#### TO DO
Your answer must be only the lines below from the one containing "The Connor Hexagon" through the one containing "Microbiological features Their", copied exactly, with the pictures left out.
BEGIN
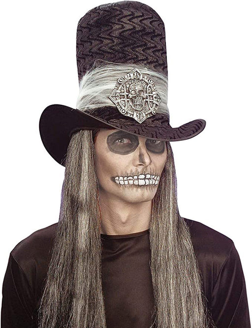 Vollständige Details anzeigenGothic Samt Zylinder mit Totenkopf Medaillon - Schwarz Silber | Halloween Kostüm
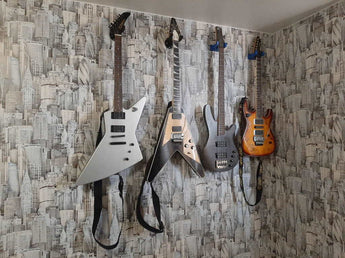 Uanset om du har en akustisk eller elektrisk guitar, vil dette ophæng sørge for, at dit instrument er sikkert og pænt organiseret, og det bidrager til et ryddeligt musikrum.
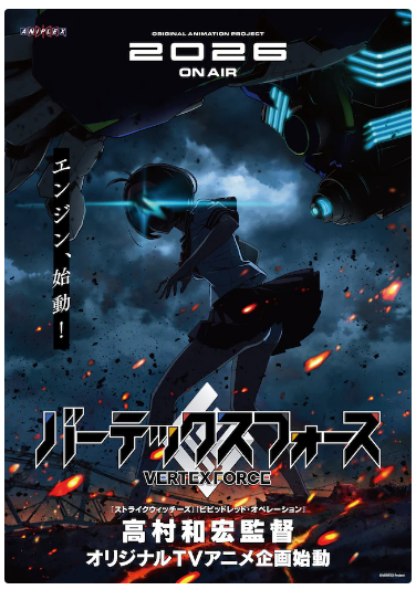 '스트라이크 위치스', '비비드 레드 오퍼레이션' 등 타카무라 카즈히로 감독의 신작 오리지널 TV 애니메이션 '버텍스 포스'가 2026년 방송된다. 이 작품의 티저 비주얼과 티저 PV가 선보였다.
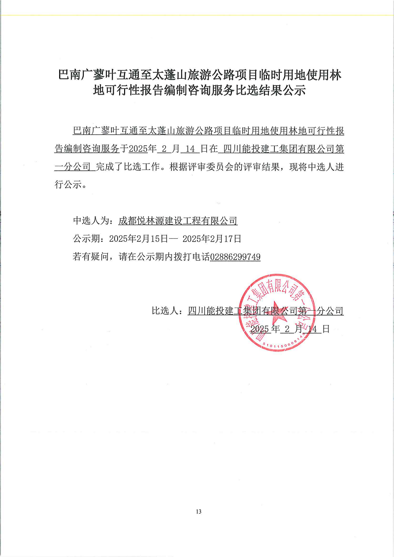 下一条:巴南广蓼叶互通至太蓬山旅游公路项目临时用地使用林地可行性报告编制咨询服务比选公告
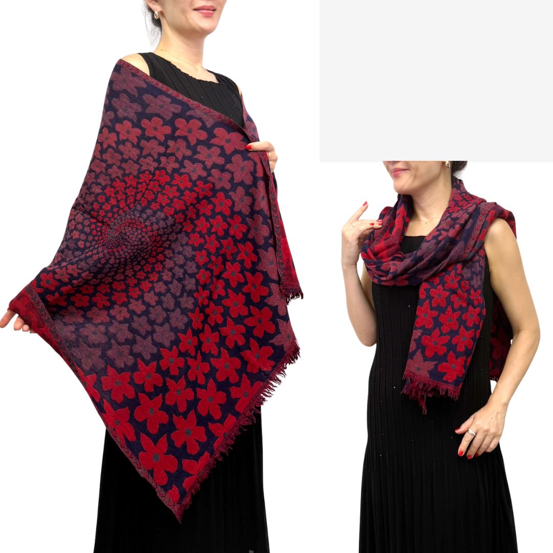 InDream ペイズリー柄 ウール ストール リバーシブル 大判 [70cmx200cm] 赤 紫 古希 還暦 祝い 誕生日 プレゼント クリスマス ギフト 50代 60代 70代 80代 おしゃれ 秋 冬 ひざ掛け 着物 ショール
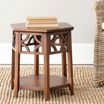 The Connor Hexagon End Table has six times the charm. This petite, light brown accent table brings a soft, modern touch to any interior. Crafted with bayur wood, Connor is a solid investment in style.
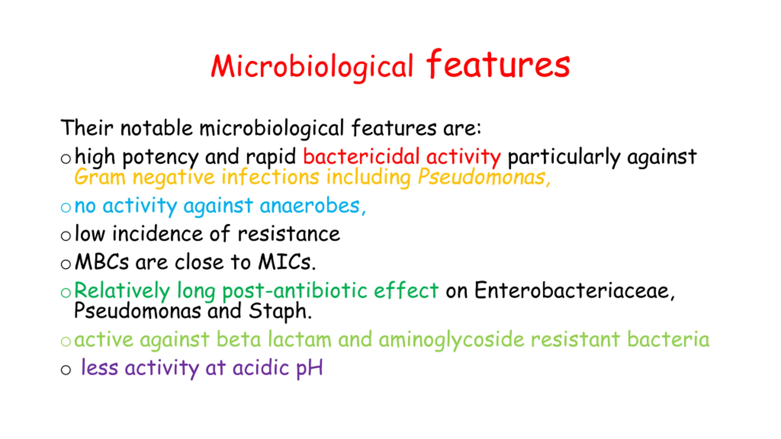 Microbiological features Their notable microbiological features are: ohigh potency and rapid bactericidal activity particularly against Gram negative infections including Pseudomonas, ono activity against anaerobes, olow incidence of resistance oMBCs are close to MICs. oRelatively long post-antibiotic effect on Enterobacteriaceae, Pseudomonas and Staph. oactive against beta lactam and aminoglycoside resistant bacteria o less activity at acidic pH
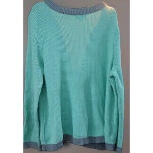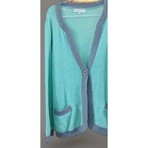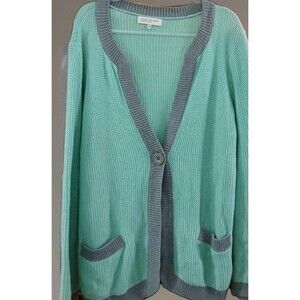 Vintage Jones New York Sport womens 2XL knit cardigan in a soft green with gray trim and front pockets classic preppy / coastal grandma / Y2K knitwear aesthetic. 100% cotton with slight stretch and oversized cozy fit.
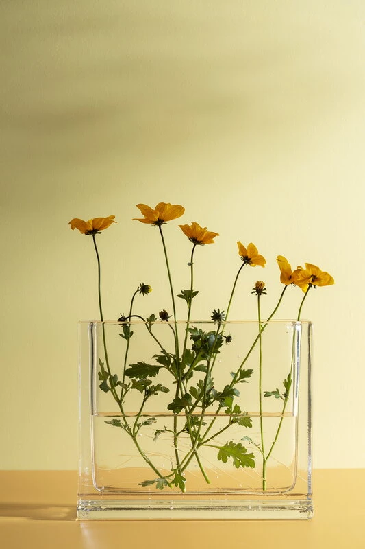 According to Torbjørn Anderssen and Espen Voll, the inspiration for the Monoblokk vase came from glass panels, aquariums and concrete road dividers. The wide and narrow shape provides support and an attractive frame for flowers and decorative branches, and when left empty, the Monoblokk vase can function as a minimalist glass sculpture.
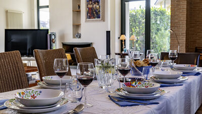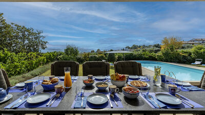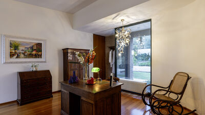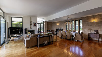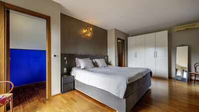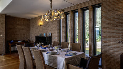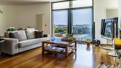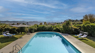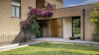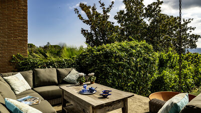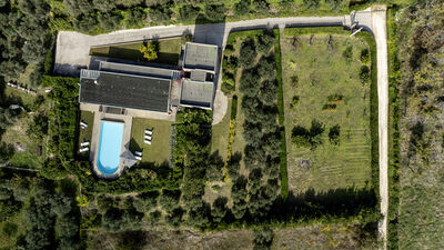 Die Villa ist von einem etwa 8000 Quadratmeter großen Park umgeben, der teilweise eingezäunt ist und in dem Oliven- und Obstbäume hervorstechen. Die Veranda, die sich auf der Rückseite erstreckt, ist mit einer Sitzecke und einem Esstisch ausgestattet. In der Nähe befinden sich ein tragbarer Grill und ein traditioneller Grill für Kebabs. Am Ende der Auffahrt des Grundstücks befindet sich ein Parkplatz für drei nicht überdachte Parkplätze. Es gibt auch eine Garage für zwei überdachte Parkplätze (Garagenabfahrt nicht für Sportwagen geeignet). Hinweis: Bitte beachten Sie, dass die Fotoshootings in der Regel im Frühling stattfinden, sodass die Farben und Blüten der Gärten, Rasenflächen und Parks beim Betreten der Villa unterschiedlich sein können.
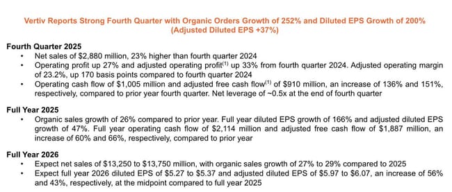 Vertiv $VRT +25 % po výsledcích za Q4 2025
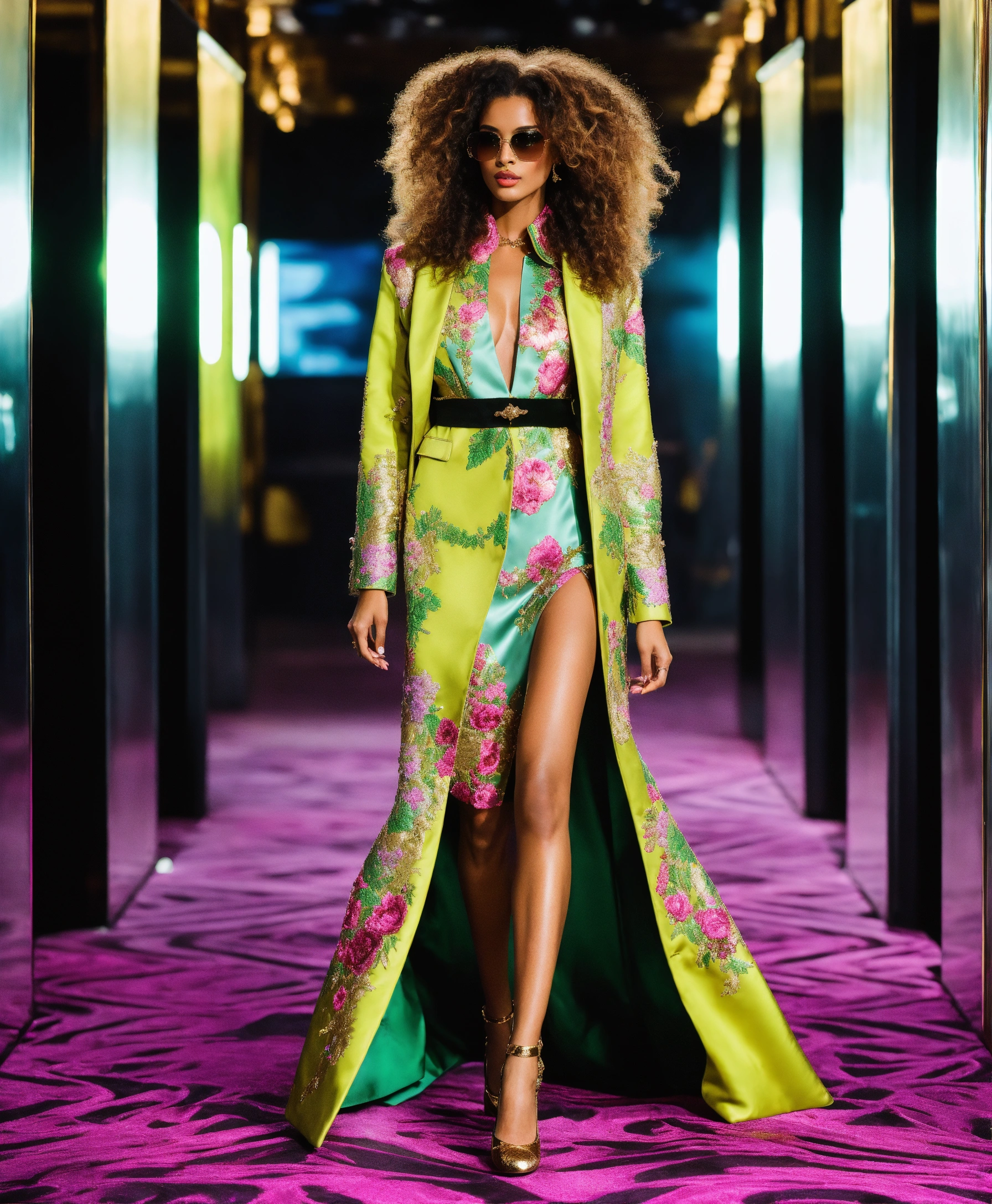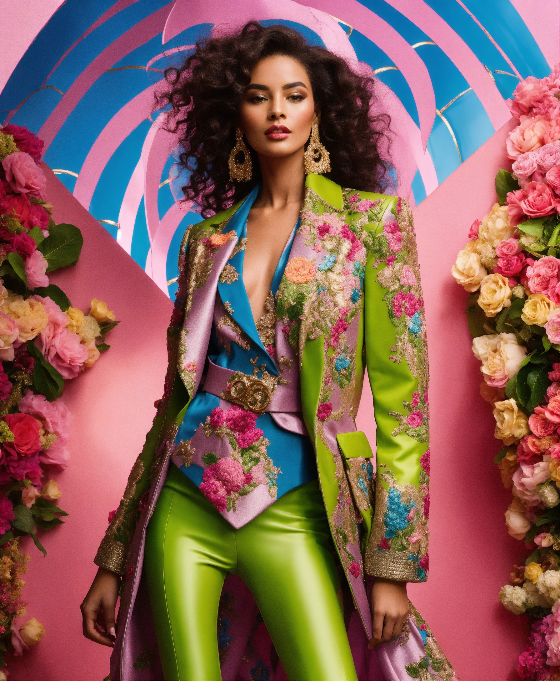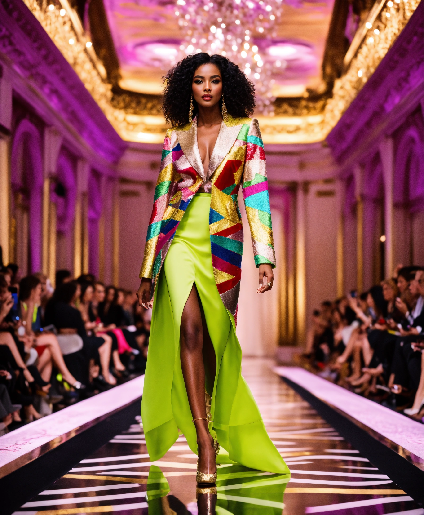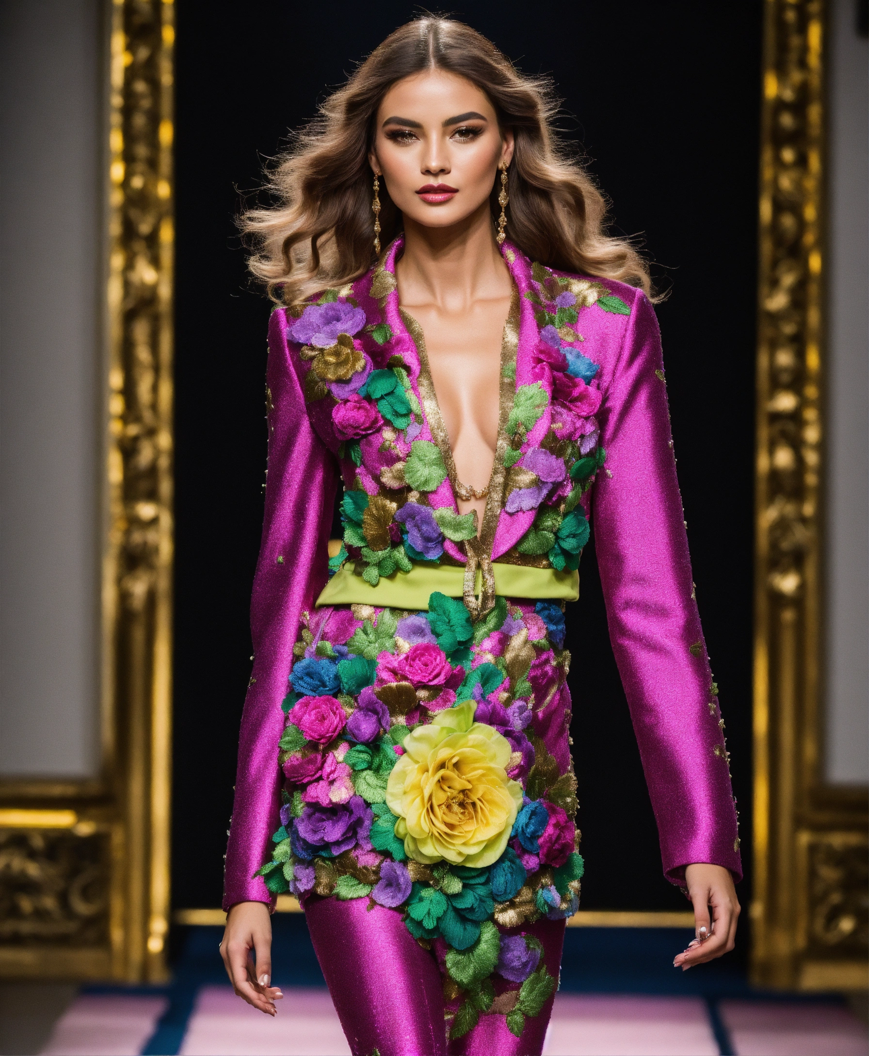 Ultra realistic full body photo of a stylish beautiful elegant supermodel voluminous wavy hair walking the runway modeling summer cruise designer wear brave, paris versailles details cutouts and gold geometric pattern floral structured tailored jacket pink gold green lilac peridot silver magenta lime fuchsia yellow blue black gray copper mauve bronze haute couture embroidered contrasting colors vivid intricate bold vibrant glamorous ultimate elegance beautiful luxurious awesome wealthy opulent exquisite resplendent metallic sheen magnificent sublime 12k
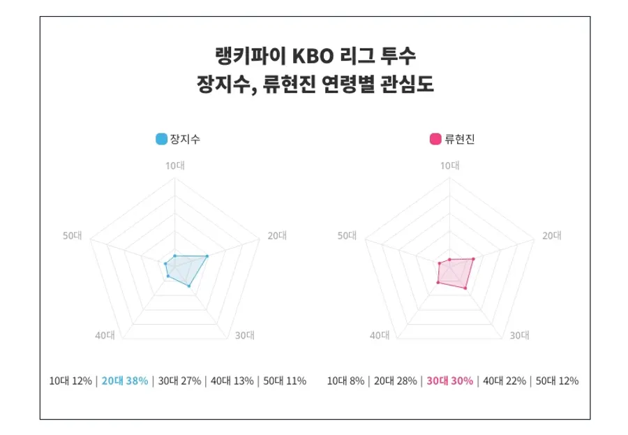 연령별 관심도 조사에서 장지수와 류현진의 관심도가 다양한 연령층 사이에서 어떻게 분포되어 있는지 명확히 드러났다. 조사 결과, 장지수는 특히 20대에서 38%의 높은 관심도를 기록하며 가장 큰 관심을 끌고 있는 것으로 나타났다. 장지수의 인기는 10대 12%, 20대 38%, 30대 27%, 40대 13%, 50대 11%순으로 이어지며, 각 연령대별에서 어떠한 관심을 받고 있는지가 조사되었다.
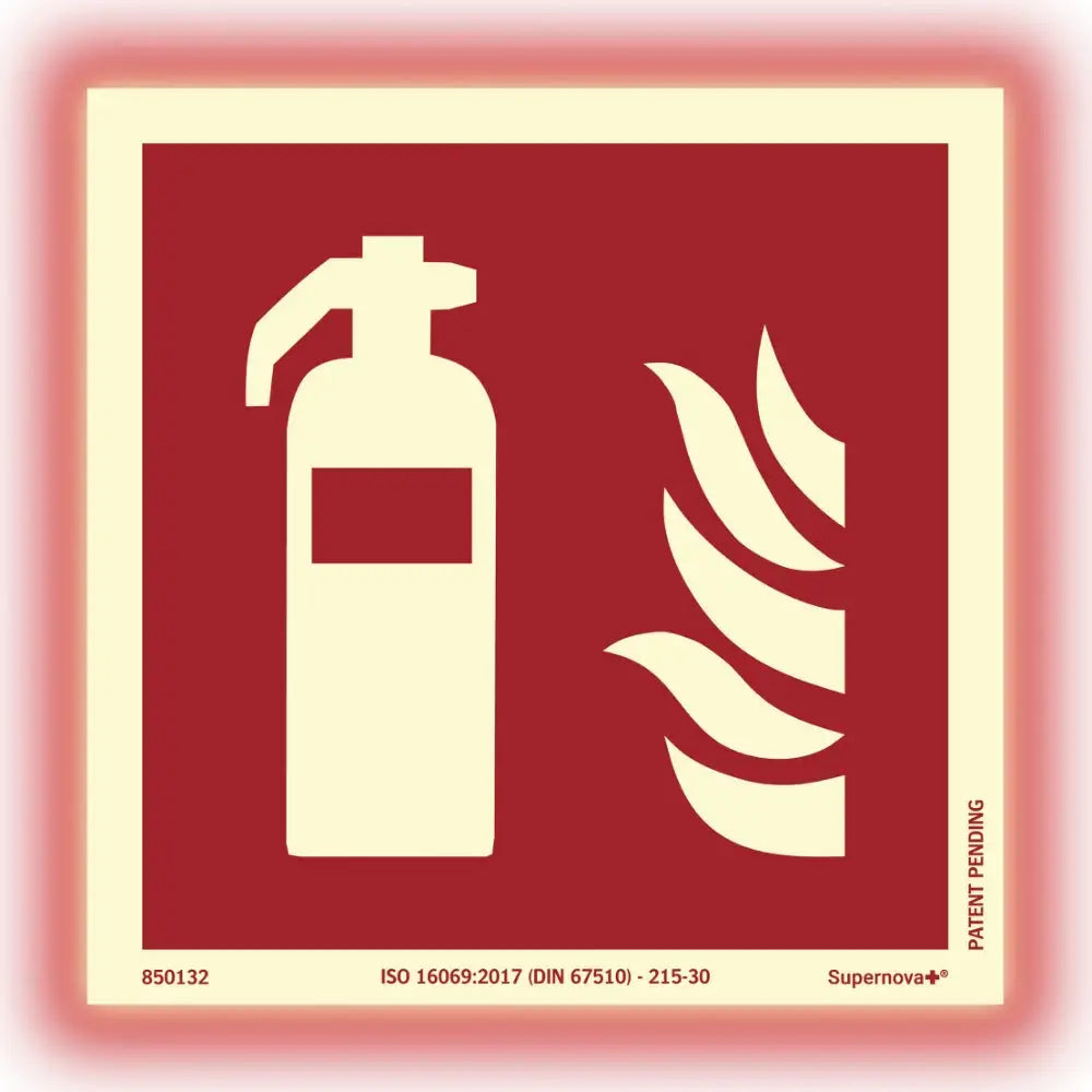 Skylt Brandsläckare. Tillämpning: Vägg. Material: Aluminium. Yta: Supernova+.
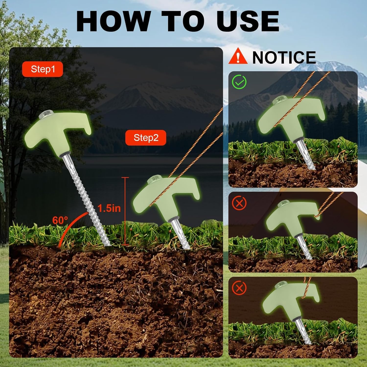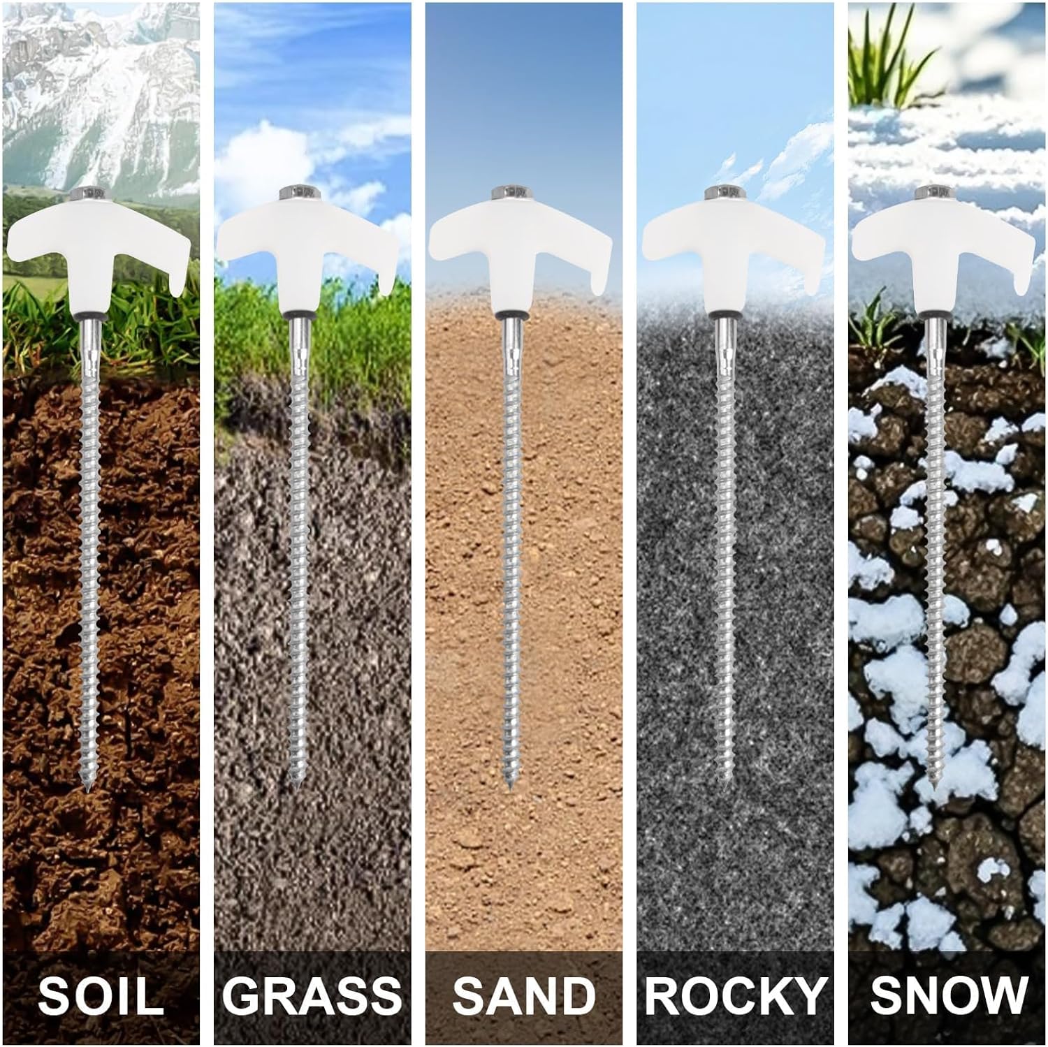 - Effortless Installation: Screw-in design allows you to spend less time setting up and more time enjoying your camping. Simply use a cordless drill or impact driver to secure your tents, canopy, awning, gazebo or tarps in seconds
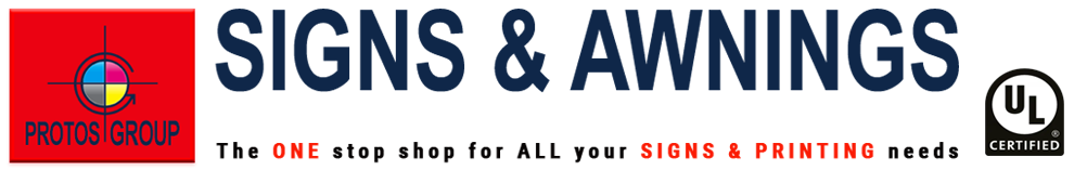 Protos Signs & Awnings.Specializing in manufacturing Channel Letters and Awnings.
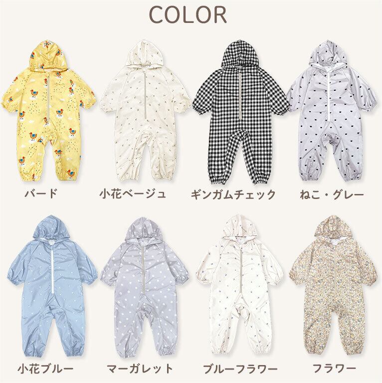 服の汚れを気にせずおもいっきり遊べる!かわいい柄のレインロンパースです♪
END
#### WORKED SOLUTION
 The Connor Hexagon End Table has six times the charm. This petite, light brown accent table brings a soft, modern touch to any interior. Crafted with bayur wood, Connor is a solid investment in style.
 Microbiological features Their notable microbiological features are: ohigh potency and rapid bactericidal activity particularly against Gram negative infections including Pseudomonas, ono activity against anaerobes, olow incidence of resistance oMBCs are close to MICs. oRelatively long post-antibiotic effect on Enterobacteriaceae, Pseudomonas and Staph. oactive against beta lactam and aminoglycoside resistant bacteria o less activity at acidic pH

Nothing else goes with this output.